Üreten nüfus dünyanın yükünü çekmektedir. Üretmeyen nüfus ise üretenlere yük olmaktadır. Mevcut üretimden pay alınması ve refahın paylaşılması konusunda tartışmalar çıkmaktadır. Covid-19 salgınının yeni başladığı günlerde dünya nüfusunun çok fazla olduğu, üretmeden tüketenlerin sayılarının azaltılması gerektiği çok tartışılmıştır. Dünya egemenleri nitelikli nüfustan yana tavır almışlardır. Bu nedenle Covid-19 salgını beklentilerimizi karşılamadı demektedirler. Bu da nüfus kontrolüne yönelik yeni planların ortaya sürüleceğini göstermektedir.

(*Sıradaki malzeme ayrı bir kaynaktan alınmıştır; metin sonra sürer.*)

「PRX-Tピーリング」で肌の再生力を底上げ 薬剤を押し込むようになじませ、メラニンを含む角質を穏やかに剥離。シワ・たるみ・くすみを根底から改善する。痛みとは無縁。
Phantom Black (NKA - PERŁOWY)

Yaşayan insanlar bir yandan sorumsuzca dünya kaynaklarını tüketirken, diğer yandan da nüfusun artması yönünde fikirler ileri sürmektedirler. Halbuki bu dünya bize atalarımızdan miras kalmamıştır. Dünya torunlarımızdan ödünç alınmış olup, geri verilmek zorundadır. Kaynakları sorumsuzca kullanan ekonomik sistemler, artan nüfusu da müşteri olarak görmektedirler. Bunun gerçekçi olmadığını düşünüyorum. Kaynakları ihtiyacı kadar kullanan, tasarrufu ön planda tutan, israfı engelleyen, çevreyi ve iklimi koruyan sistemler daha mantılı görünmektedir.

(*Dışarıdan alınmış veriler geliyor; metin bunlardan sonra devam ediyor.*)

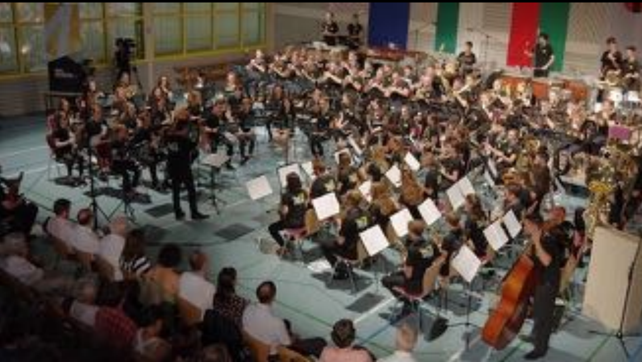
2018. július 22-29. - TRINA Orchestra koncert (Gerstetten)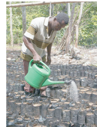
Foto 22. Yap wouze sachè yo apre yo fin simen kakawo

İnsanoğlu yenilenebilir enerji kaynakları bulmadıkça, fosil yakıtlara dayalı geleneksel enerji kaynakları bir gün tükenecektir. Üretimin en temel girdisi enerjidir. Enerji olmadığı takdirde bütün üretim araçları savaş meydanında yakıtı tükenmiş tanklar gibi işlevsiz kalacaklardır. İnsanoğlu ya enerji sorununu çözecek, ya da başka gezegenlerde yaşama imkanı arayacaktır. Belki de değişen iklim şartları sebebiyle tamamen yok olacak, yerini değişen iklim koşullarında yaşayacak canlılara terk edecektir. Dünyanın geçmişine bakıldığında bunu anlamak mümkündür.

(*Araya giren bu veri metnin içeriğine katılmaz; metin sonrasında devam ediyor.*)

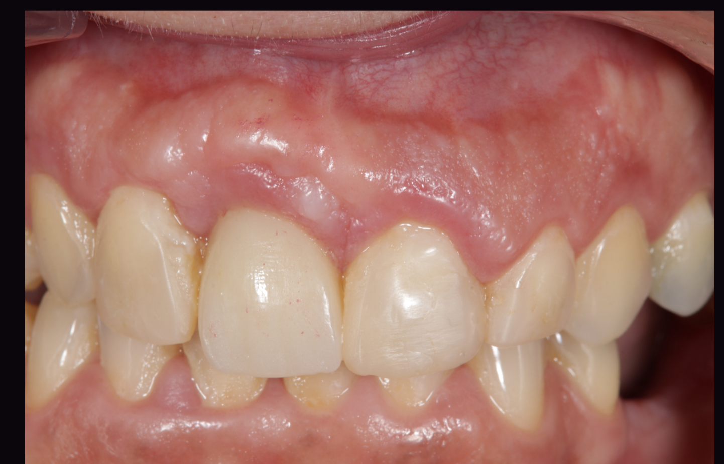
Figura 7 – Fotografias intra-orais finais.

Ben de bireysel olarak Malthus’un nüfus teorisinden bağımsız olarak, üreten ve nitelikli nüfustan yanayım. Dünya kaynaklarını ihtiyacı kadar tüketen, çevreyi kirletmeyen, iklim değişikliklerine sebep olmayan, birbirleriyle savaşmaktan çok barış içinde yaşamayı tercih eden toplumların olmasını arzu ediyorum. Avlanarak hayatlarını sürdüren et obur hayvanlar, yemek ve karınlarını doyurmak için avlanmaktadırlar. Savaşan insanlara bakalım, öldürdükleri insanları yemedikleri halde neden kan döküp, can almaktadırlar. Bunun çok iyi düşünülmesi ve savaşların sorgulanması zorunludur. Savaşların olmadığı, günahsız çocukların ve masum insanların perişan olup öldürülmediği bir dünya düzeni diliyorum.